--- Task ---
Begin at the line below that has "Форма организации: групповая/подгрупповая". Stop after the line that has "안녕일보 배윤 기자 |", repeating each line exactly and leaving out the pictures.

--- Source data ---
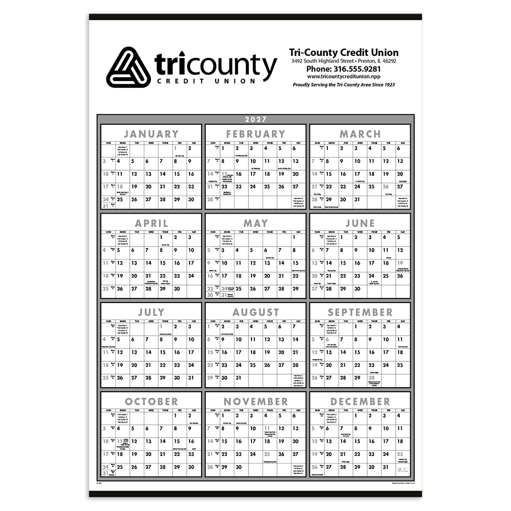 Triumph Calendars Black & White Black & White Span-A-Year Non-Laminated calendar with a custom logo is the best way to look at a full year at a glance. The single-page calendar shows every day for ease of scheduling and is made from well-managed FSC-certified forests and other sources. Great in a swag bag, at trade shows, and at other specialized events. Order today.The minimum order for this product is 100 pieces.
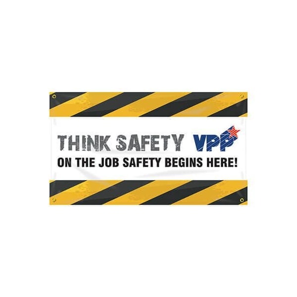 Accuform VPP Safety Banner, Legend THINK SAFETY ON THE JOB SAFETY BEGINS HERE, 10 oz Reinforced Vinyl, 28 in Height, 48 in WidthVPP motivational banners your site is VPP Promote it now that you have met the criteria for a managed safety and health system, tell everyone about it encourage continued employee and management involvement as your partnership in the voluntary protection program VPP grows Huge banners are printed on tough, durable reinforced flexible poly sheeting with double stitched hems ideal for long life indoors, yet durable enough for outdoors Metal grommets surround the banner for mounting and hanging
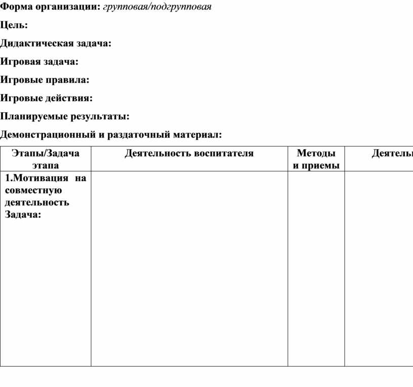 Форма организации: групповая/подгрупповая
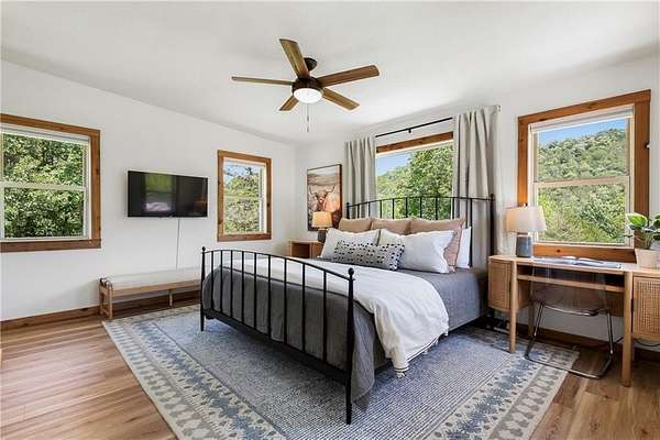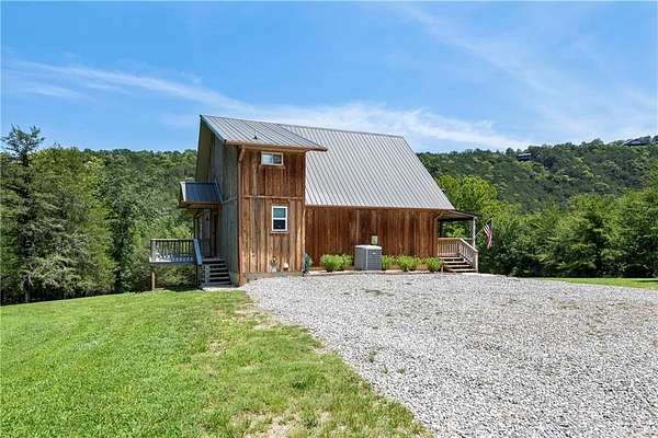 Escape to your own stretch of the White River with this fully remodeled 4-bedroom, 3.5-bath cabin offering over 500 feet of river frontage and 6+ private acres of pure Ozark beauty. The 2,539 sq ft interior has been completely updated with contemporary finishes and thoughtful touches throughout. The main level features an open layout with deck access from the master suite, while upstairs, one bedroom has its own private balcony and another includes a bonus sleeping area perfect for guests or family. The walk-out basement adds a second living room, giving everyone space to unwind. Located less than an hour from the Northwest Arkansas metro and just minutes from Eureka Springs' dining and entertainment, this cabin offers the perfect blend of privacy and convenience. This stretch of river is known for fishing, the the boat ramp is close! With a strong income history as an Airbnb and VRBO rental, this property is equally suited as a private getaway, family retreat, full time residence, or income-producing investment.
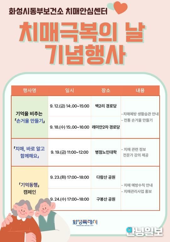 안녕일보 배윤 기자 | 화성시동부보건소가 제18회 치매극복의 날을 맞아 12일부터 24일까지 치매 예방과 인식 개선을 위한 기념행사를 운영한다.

...

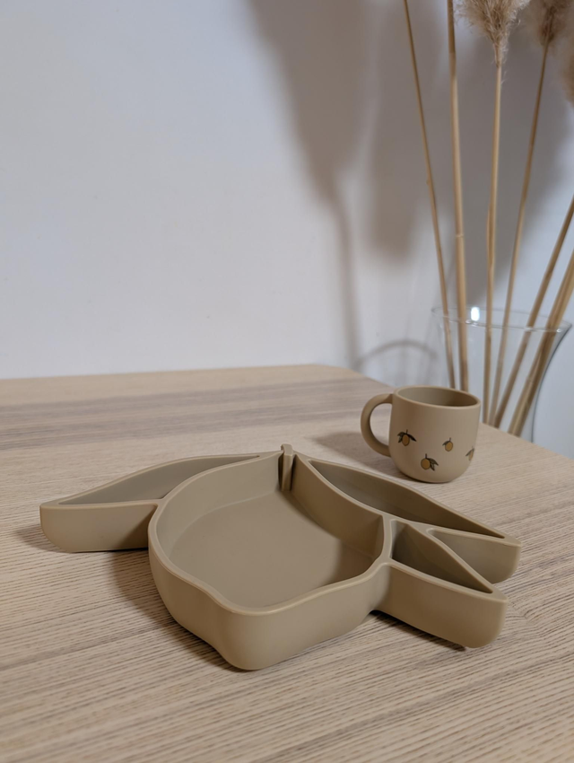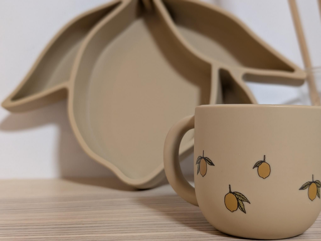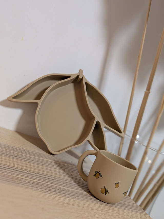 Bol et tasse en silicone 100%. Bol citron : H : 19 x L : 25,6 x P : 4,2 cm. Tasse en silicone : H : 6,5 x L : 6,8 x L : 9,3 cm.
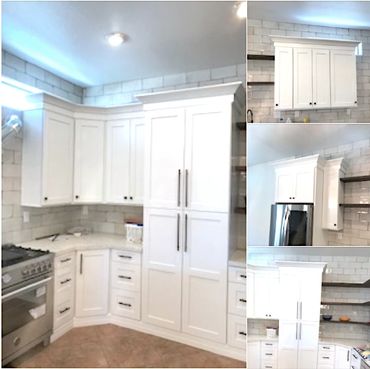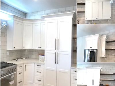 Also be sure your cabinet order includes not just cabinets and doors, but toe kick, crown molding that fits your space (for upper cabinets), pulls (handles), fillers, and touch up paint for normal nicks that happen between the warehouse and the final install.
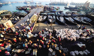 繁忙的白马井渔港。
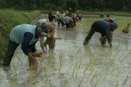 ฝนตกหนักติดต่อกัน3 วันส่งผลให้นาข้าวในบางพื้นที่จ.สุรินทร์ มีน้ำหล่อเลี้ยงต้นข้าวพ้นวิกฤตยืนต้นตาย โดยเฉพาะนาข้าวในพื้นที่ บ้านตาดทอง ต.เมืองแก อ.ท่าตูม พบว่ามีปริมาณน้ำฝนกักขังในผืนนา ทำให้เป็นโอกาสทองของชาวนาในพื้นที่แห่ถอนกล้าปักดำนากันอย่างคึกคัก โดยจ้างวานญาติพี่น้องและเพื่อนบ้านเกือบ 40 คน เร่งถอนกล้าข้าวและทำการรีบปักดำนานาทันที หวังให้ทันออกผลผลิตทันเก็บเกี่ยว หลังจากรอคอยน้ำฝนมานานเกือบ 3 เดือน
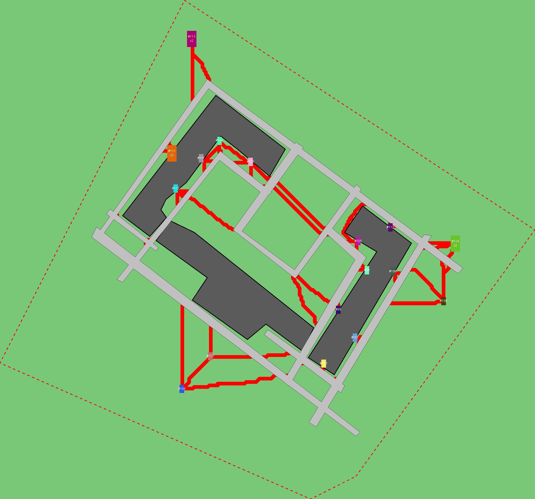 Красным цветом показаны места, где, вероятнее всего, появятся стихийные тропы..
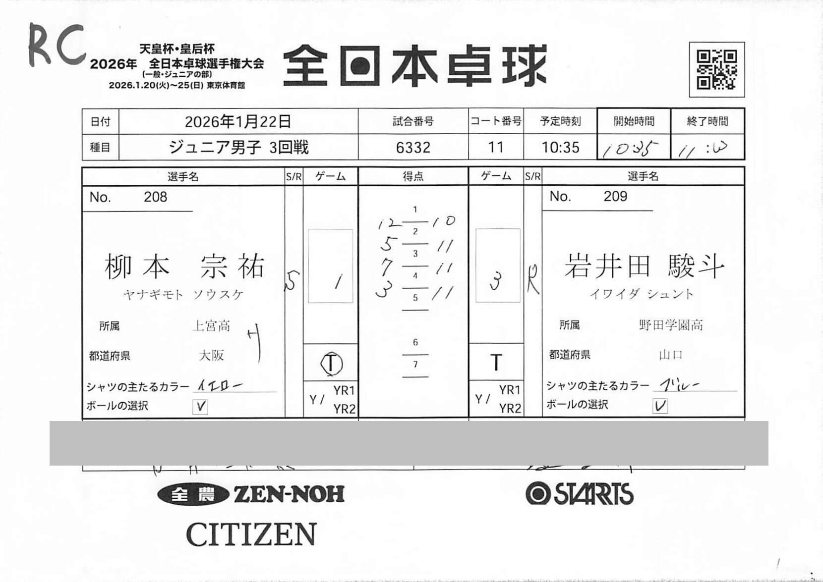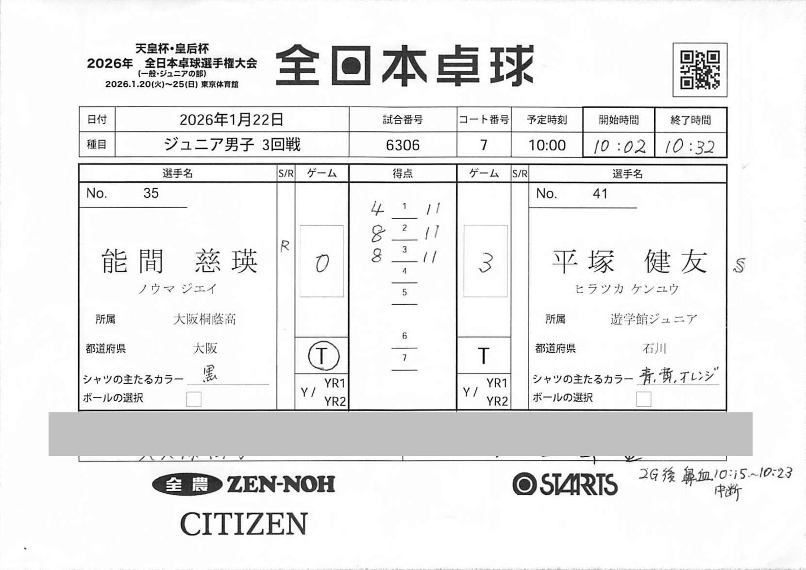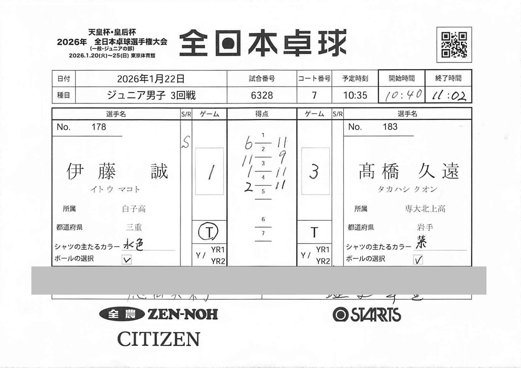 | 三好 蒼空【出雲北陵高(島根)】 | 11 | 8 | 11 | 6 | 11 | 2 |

--

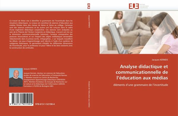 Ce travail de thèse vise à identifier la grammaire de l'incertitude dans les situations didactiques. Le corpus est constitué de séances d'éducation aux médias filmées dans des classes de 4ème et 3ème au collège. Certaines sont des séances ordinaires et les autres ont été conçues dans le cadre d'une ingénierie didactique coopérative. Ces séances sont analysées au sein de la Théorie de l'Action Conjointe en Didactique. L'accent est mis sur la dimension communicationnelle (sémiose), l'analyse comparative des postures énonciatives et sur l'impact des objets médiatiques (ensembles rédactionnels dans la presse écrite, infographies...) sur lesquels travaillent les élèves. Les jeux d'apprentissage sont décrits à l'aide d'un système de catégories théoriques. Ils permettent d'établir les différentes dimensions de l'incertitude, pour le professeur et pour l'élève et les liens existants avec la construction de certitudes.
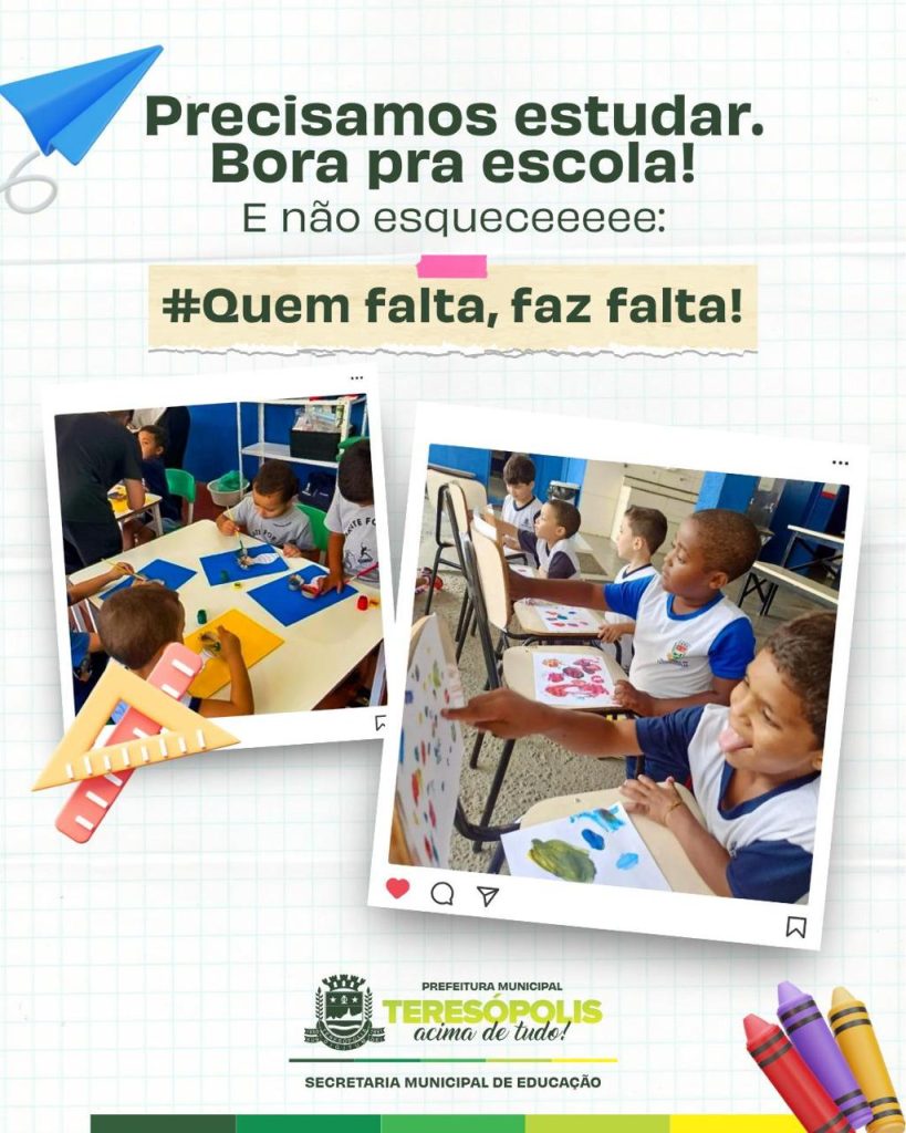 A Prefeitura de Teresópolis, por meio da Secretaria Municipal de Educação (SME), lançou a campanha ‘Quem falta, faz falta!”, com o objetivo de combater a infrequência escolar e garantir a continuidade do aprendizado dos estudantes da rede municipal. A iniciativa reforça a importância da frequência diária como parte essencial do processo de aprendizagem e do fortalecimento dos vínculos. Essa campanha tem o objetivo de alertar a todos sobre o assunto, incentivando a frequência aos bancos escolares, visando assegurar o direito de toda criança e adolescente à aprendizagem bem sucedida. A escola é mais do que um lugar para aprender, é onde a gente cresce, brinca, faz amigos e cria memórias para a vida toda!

--- Task solution ---
 Форма организации: групповая/подгрупповая
 Escape to your own stretch of the White River with this fully remodeled 4-bedroom, 3.5-bath cabin offering over 500 feet of river frontage and 6+ private acres of pure Ozark beauty. The 2,539 sq ft interior has been completely updated with contemporary finishes and thoughtful touches throughout. The main level features an open layout with deck access from the master suite, while upstairs, one bedroom has its own private balcony and another includes a bonus sleeping area perfect for guests or family. The walk-out basement adds a second living room, giving everyone space to unwind. Located less than an hour from the Northwest Arkansas metro and just minutes from Eureka Springs' dining and entertainment, this cabin offers the perfect blend of privacy and convenience. This stretch of river is known for fishing, the the boat ramp is close! With a strong income history as an Airbnb and VRBO rental, this property is equally suited as a private getaway, family retreat, full time residence, or income-producing investment.
 안녕일보 배윤 기자 | 화성시동부보건소가 제18회 치매극복의 날을 맞아 12일부터 24일까지 치매 예방과 인식 개선을 위한 기념행사를 운영한다.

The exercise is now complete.